Activity ->
In the records below, find the line that contains "Sam altman 宣布 OpenAI 与美国国防部达成合作" and the line that contains "- Cai, X.; Han, W."; write out exactly those two lines and everything between them, without the pictures.
Segment Start: Data for this task
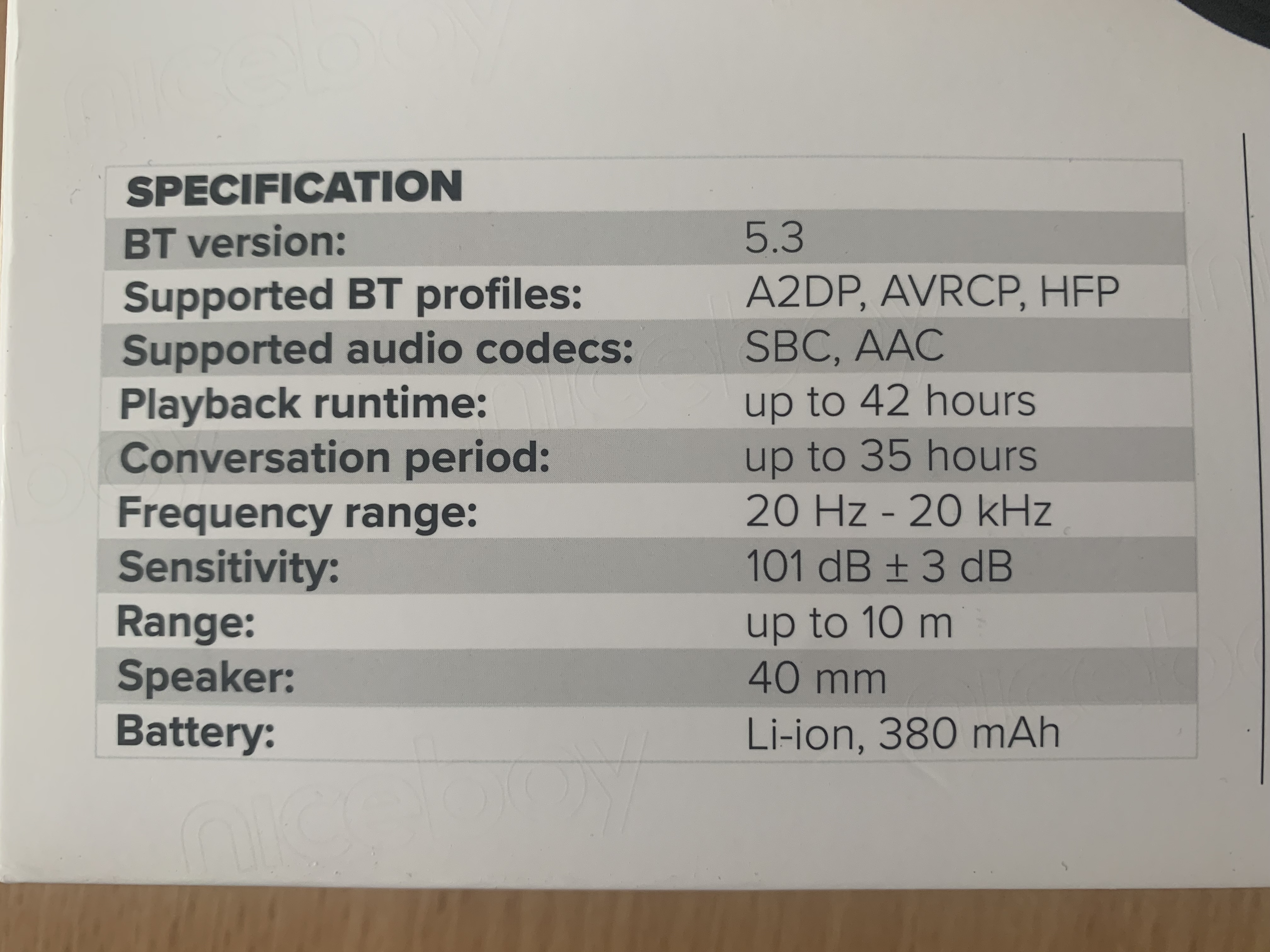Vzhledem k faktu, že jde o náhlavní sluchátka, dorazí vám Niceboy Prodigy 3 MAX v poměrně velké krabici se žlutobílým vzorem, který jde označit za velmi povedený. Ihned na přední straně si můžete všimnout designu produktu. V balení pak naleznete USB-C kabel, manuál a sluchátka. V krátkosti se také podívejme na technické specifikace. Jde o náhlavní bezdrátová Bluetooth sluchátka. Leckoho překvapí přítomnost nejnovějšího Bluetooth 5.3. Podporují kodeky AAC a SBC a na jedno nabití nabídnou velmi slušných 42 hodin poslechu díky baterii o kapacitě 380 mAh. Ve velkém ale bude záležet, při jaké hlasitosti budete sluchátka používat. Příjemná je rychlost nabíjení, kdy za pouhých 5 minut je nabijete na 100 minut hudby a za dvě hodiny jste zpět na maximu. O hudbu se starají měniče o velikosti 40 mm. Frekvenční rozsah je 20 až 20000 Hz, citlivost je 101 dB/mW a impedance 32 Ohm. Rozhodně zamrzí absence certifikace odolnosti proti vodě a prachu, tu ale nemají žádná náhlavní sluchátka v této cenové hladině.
Segment End: Data for this task
Segment Start: Data for this task
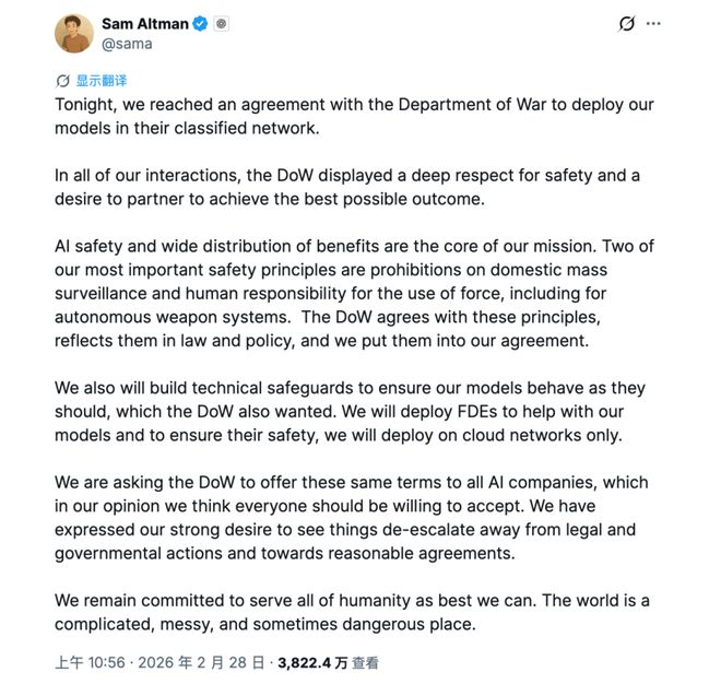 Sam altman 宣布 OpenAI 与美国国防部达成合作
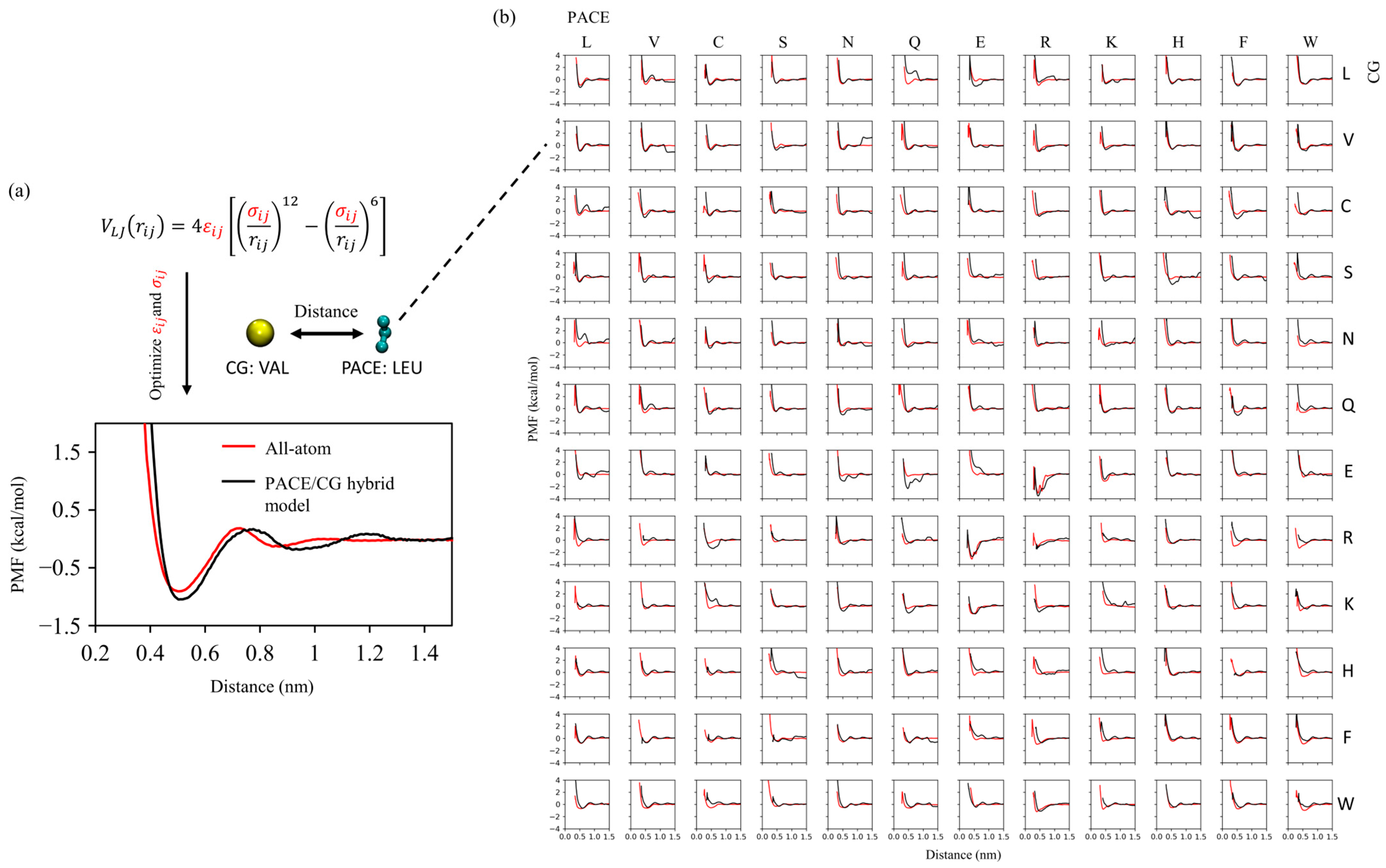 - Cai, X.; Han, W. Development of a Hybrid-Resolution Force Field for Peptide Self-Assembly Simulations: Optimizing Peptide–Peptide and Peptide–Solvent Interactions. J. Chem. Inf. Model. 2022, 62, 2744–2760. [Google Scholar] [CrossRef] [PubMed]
Segment End: Data for this task
Answer space ->
 Sam altman 宣布 OpenAI 与美国国防部达成合作
 - Cai, X.; Han, W. Development of a Hybrid-Resolution Force Field for Peptide Self-Assembly Simulations: Optimizing Peptide–Peptide and Peptide–Solvent Interactions. J. Chem. Inf. Model. 2022, 62, 2744–2760. [Google Scholar] [CrossRef] [PubMed]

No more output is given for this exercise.